When you retype the data, keep every word exactly and include none of the pictures.

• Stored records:
________

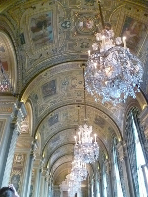 This Sunday, we took to the streets of Paris to enjoy the last day of the journées de patrimoine weekend, during which one can visit most museums and government owned buildings. We started the afternoon with the Jardin des Plantes but the greenhouses were not participating in the events so we wandered elsewhere, visiting the majestic Bibliotheque Sainte Genevieve and Hôtel de Ville, Paris' city hall. Both visits were equally entertaining - the library made me wish I was a student all over again, brought back memories of when I used to work in a library and got me thinking that maybe I should spend some time there; Hôtel de Ville took my breath away with the lavishly ornate decoration and breathtaking chandeliers hanging from literally every inch of the ceiling! Mr. Mayor, I'd like very much to be invited to a party chez vous! It was the perfect way to spend the last Sunday of summer.
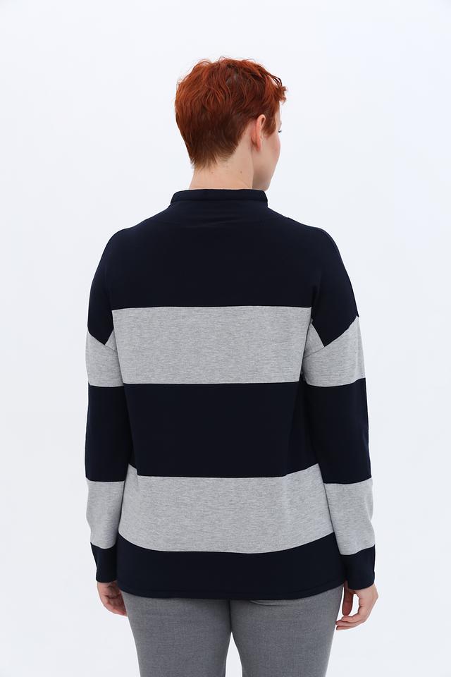 Дизайн пуловера выполнен в сочетании темно-синего и серого цветов, с крупным графичным принтом, привлекающим внимание. Капюшон добавляет практичности и создает более расслабленный образ.
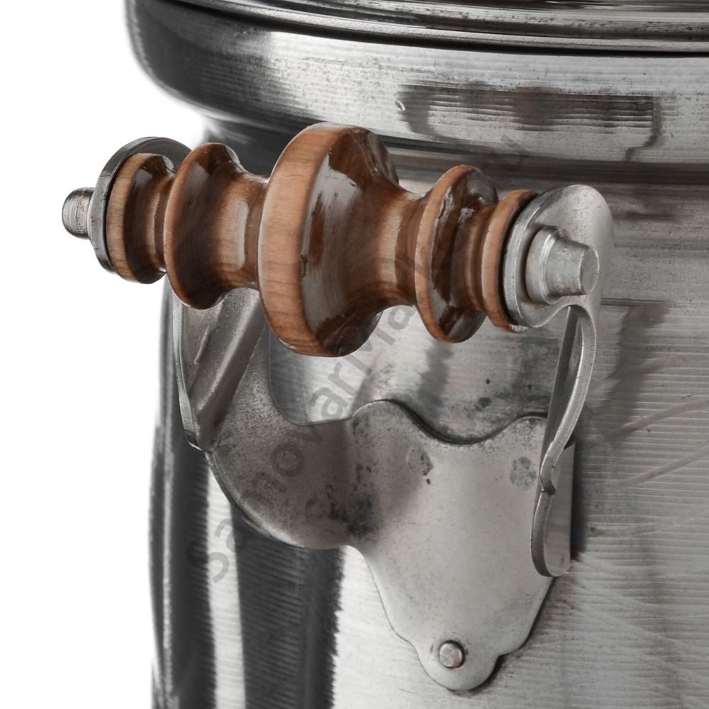 Этот самовар работает на дровах, углях, шишках, щепе. Топится он при помощи трубы, которая устанавливается сверху для образования тяги. Или при помощи сапога в качестве мехов. Внутренние стенки покрыты пищевым оловом методом гальваники.
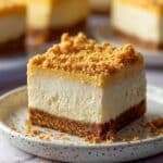 Store the cheesecake squares in an airtight container in the refrigerator for up to 4 days. They can be enjoyed chilled or brought to room temperature before serving. To reheat, let sit at room temperature for 15-20 minutes for best texture; avoid microwaving to preserve the crumble topping.
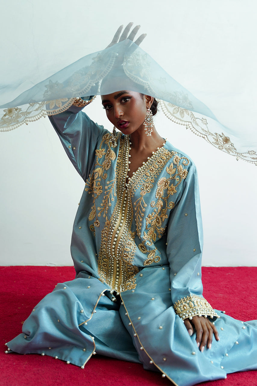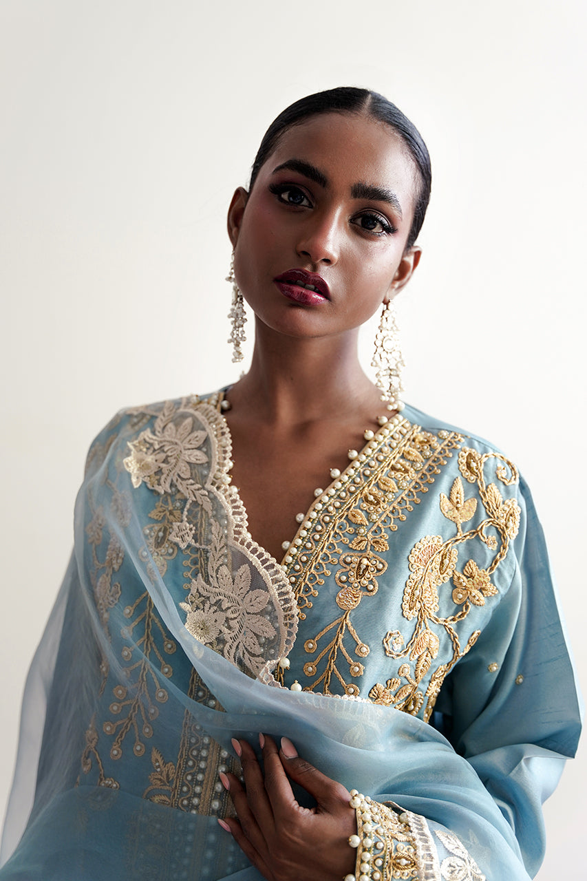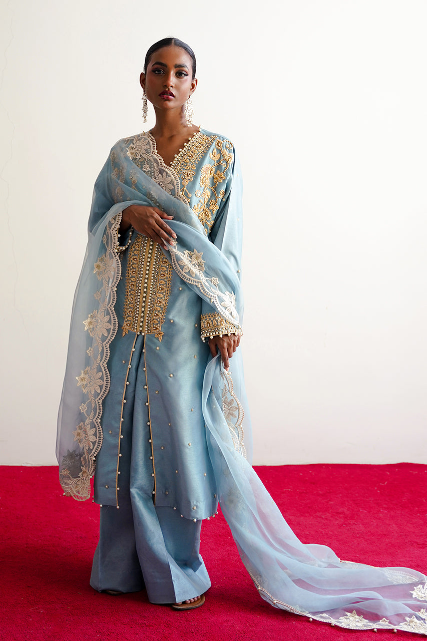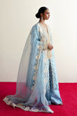 Ghazal is a front-open article, carfted in dori and pearl embellishments, it is paired with an organza emballished dupatta.This ice-blue beautiful attire is a celebration of a classic and a modern sensiblities.
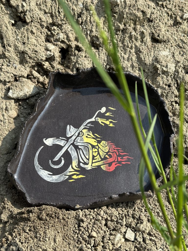 Bedrucke drei-vier kleine Teller aus schwarzem Ton mit dekorativen Motiven. Verschiedene Motive und Farben vorhanden. Der Kurs findet an zwei Morgen

________

• Response area:
 This Sunday, we took to the streets of Paris to enjoy the last day of the journées de patrimoine weekend, during which one can visit most museums and government owned buildings. We started the afternoon with the Jardin des Plantes but the greenhouses were not participating in the events so we wandered elsewhere, visiting the majestic Bibliotheque Sainte Genevieve and Hôtel de Ville, Paris' city hall. Both visits were equally entertaining - the library made me wish I was a student all over again, brought back memories of when I used to work in a library and got me thinking that maybe I should spend some time there; Hôtel de Ville took my breath away with the lavishly ornate decoration and breathtaking chandeliers hanging from literally every inch of the ceiling! Mr. Mayor, I'd like very much to be invited to a party chez vous! It was the perfect way to spend the last Sunday of summer.
 Дизайн пуловера выполнен в сочетании темно-синего и серого цветов, с крупным графичным принтом, привлекающим внимание. Капюшон добавляет практичности и создает более расслабленный образ.
 Этот самовар работает на дровах, углях, шишках, щепе. Топится он при помощи трубы, которая устанавливается сверху для образования тяги. Или при помощи сапога в качестве мехов. Внутренние стенки покрыты пищевым оловом методом гальваники.
 Store the cheesecake squares in an airtight container in the refrigerator for up to 4 days. They can be enjoyed chilled or brought to room temperature before serving. To reheat, let sit at room temperature for 15-20 minutes for best texture; avoid microwaving to preserve the crumble topping.
 Ghazal is a front-open article, carfted in dori and pearl embellishments, it is paired with an organza emballished dupatta.This ice-blue beautiful attire is a celebration of a classic and a modern sensiblities.
 Bedrucke drei-vier kleine Teller aus schwarzem Ton mit dekorativen Motiven. Verschiedene Motive und Farben vorhanden. Der Kurs findet an zwei Morgen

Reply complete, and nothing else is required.